Health is not a condition of matter, but of mind
Written by Justin Newman, medical student
A small boy is sent to bed by his father. Five minutes later: “Da-ad...” “What?” asks the father. “I’m thirsty. Can you bring me a drink of water?”
“No. You had your chance. Lights out.” Replies the father. Again the boy asks for a glass of water. The frustrated father again says, “WHAT?” “I’m THIRSTY...Can I have a drink of water??”
“I told you NO! If you ask again I’ll have to spank you!!”
Five minutes later...
“Daaa-aad…” “WHAT??!!” “When you come in to spank me, can you bring me a drink of water?”
Your body is a tightly regulated ship when it comes to water conservation. With exercise or hard work, the body can loose substantial amounts of water. These losses are due to a number of different processes, including sweating and breathing. By the time that most people feel thirsty, they are already considerably dehydrated.
Thirst is essentially the instinct that drives you to drink. An area of the brain senses that there is not enough water in the body, or that there is too much salt and that more water is needed to dilute it to the correct balance.
When the body is low on fluid, a number of hormones cause changes all over the body. These hormones cause the sensation of thirst and even saliva in the mouth is reduced to give the feeling of thirst. Another function of the hormones is on the kidneys, which then retain all of the water that they can. The conservation of water is very important to the function of your body as blood is 83 percent water, your muscles are 75 percent water, the fat in your body is 25 percent and bones are 22 percent water.
What is the best way to rehydrate the body? In addition to water, there are a number of different products available. Sports drinks such as Gatorade and PowerAde combine water with carbohydrates (sugars) for energy and sodium (salt) to help replace the salts that are lost with sweating. Drinks such as Vitamin water are essentially the same thing, with only a few other nutrients added to the mix.
For most athletes and those exercising, water is almost always the best bet. Sports drinks often add a substantial amount of additional calories without adding any benefits.
The American College of Sports Medicine suggests that for periods of exercise that are less than one hour, water is all that is recommended. The day before extraneous exercise, it is recommended that a balanced diet of food and fluids is consumed. Two hours before exercise, about 17 ounces of fluid should be drunk to stay hydrated. During exercise, it is recommended that fluids be drunk early and often to replace the fluids that being lost.

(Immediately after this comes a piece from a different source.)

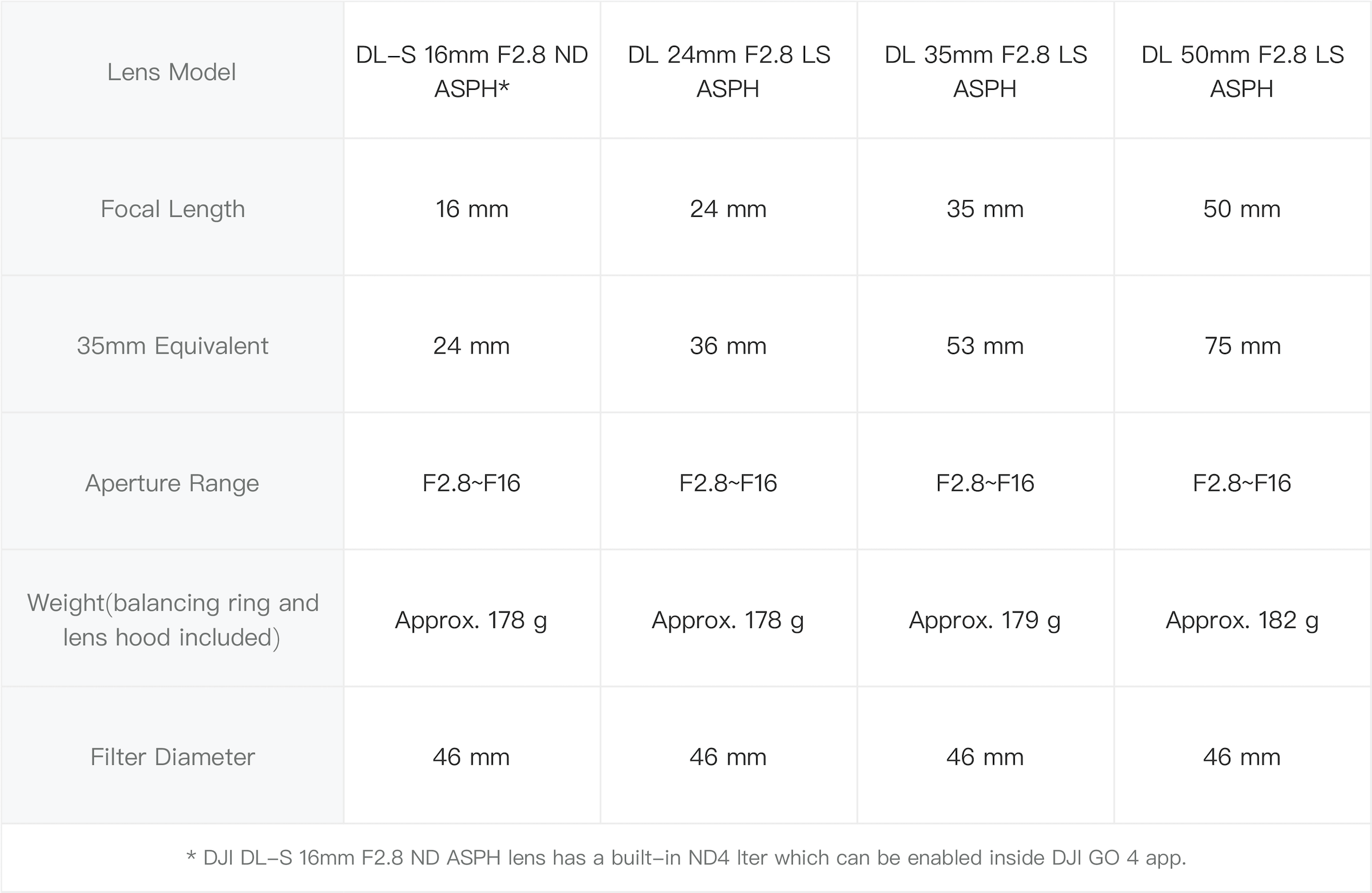 DJI DL/DL-S Lenses are professional prime lenses specially designed for aerial photography. Featured light-weighting carbon fiber casing, those lenses are able to reduce the payload of the gimbal and camera, improving the stability when shooting. With the DJI DL mount (diameter: 58mm), the lenses can be mounted onto Zenmuse X7, providing varying focal lengths. When used with Zenmuse X7, the focal length multiplier is 1.5 when taking stills.

The American College of Sports Medicine states that for exercise lasting greater than one hour, performance can be increased by adding carbohydrates and sodium to the fluids that are ingested. However, the meal that is eaten before exercising is more important to how the body performs than the sugars and sodium that are consumed during the actual exercising.
While exercising or working hard, the best recommendation is to drink small amounts of water often to stay ahead of the game. Maintaining hydration at a relatively constant rate helps you to perform at the highest possible level.